BEGIN

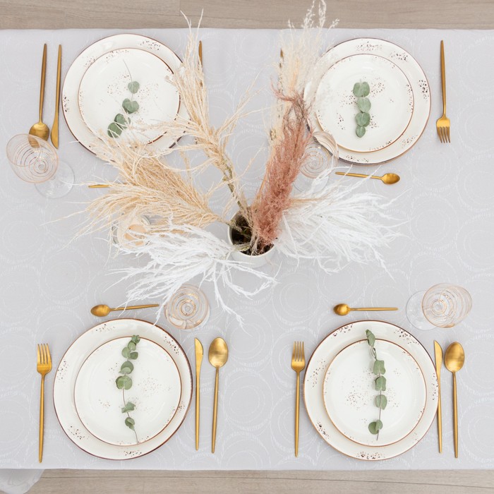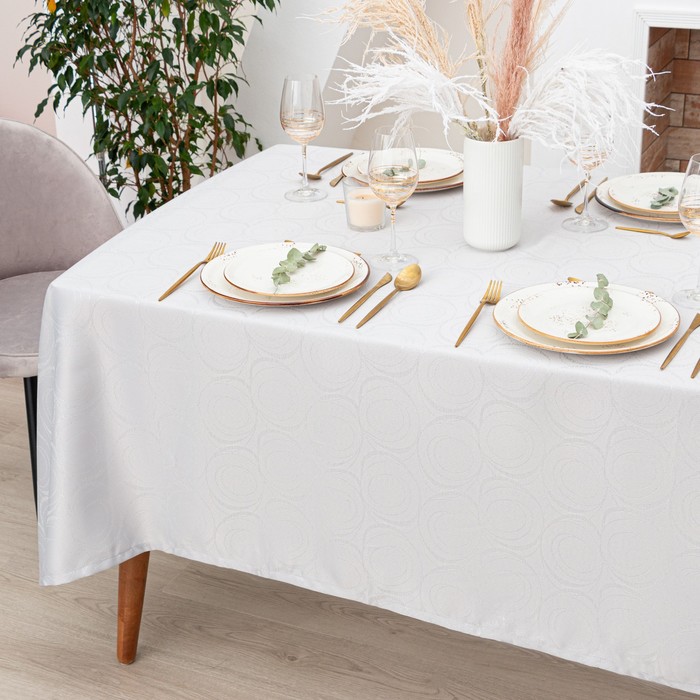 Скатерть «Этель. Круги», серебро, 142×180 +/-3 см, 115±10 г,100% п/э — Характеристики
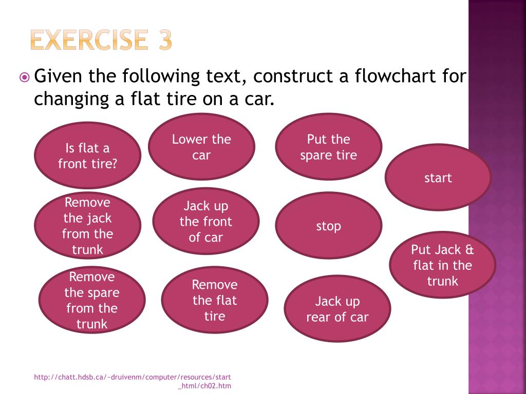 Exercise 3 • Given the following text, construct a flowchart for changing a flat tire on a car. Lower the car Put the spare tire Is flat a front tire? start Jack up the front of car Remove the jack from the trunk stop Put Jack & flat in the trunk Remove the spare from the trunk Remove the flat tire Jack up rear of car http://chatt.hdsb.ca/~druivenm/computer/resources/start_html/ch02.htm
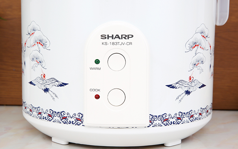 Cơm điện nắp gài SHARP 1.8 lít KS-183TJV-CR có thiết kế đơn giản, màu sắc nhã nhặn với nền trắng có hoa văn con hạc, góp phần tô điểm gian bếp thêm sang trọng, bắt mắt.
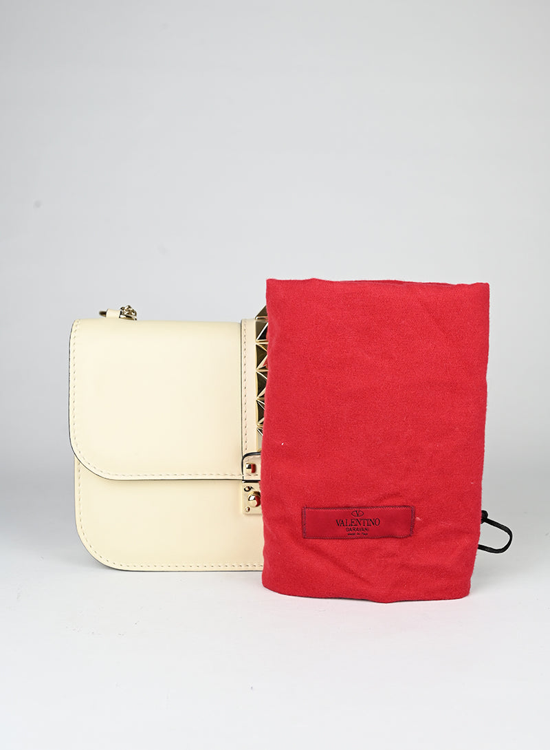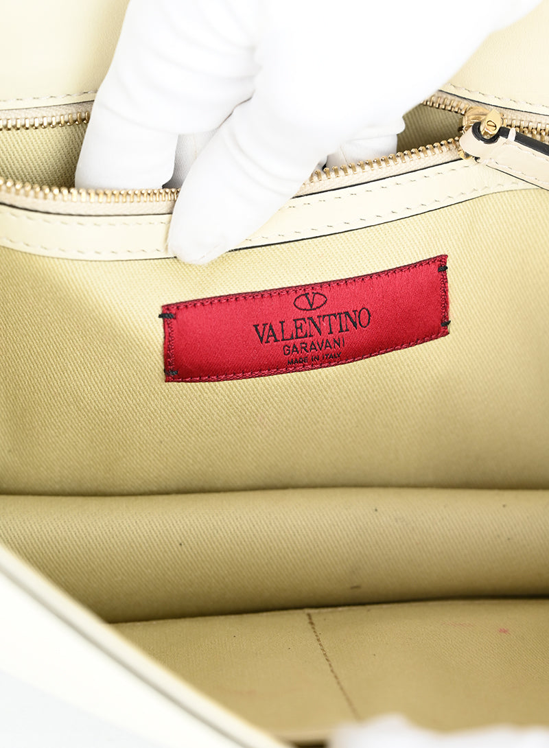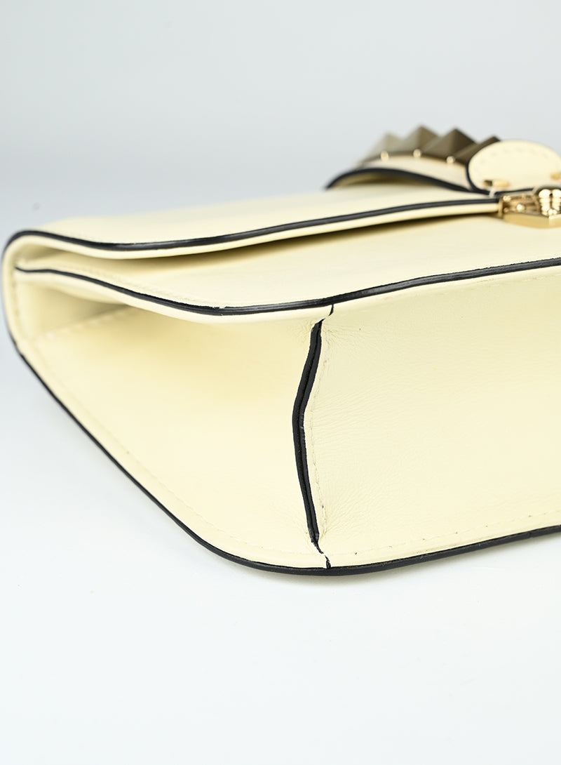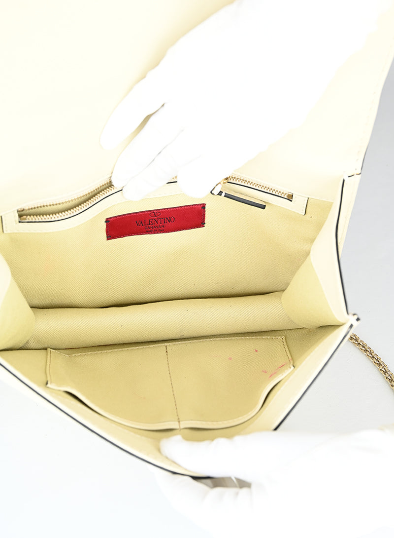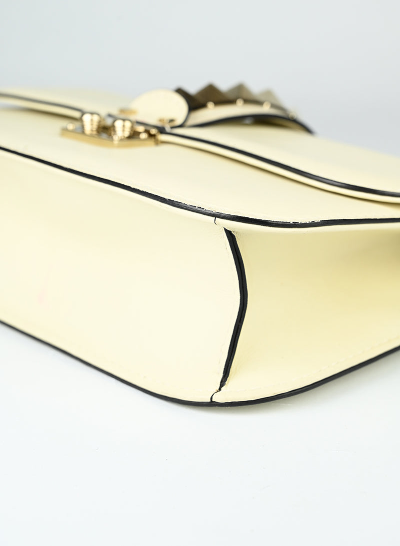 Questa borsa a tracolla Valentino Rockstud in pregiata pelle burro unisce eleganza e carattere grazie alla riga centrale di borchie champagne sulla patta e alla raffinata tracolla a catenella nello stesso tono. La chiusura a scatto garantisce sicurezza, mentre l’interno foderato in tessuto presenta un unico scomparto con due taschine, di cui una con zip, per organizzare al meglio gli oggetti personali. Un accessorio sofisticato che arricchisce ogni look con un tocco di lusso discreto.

END

- Exercise prompt
Output the material above word for word. Leave out its images.

- Written solution
 Скатерть «Этель. Круги», серебро, 142×180 +/-3 см, 115±10 г,100% п/э — Характеристики
 Exercise 3 • Given the following text, construct a flowchart for changing a flat tire on a car. Lower the car Put the spare tire Is flat a front tire? start Jack up the front of car Remove the jack from the trunk stop Put Jack & flat in the trunk Remove the spare from the trunk Remove the flat tire Jack up rear of car http://chatt.hdsb.ca/~druivenm/computer/resources/start_html/ch02.htm
 Cơm điện nắp gài SHARP 1.8 lít KS-183TJV-CR có thiết kế đơn giản, màu sắc nhã nhặn với nền trắng có hoa văn con hạc, góp phần tô điểm gian bếp thêm sang trọng, bắt mắt.
 Questa borsa a tracolla Valentino Rockstud in pregiata pelle burro unisce eleganza e carattere grazie alla riga centrale di borchie champagne sulla patta e alla raffinata tracolla a catenella nello stesso tono. La chiusura a scatto garantisce sicurezza, mentre l’interno foderato in tessuto presenta un unico scomparto con due taschine, di cui una con zip, per organizzare al meglio gli oggetti personali. Un accessorio sofisticato che arricchisce ogni look con un tocco di lusso discreto.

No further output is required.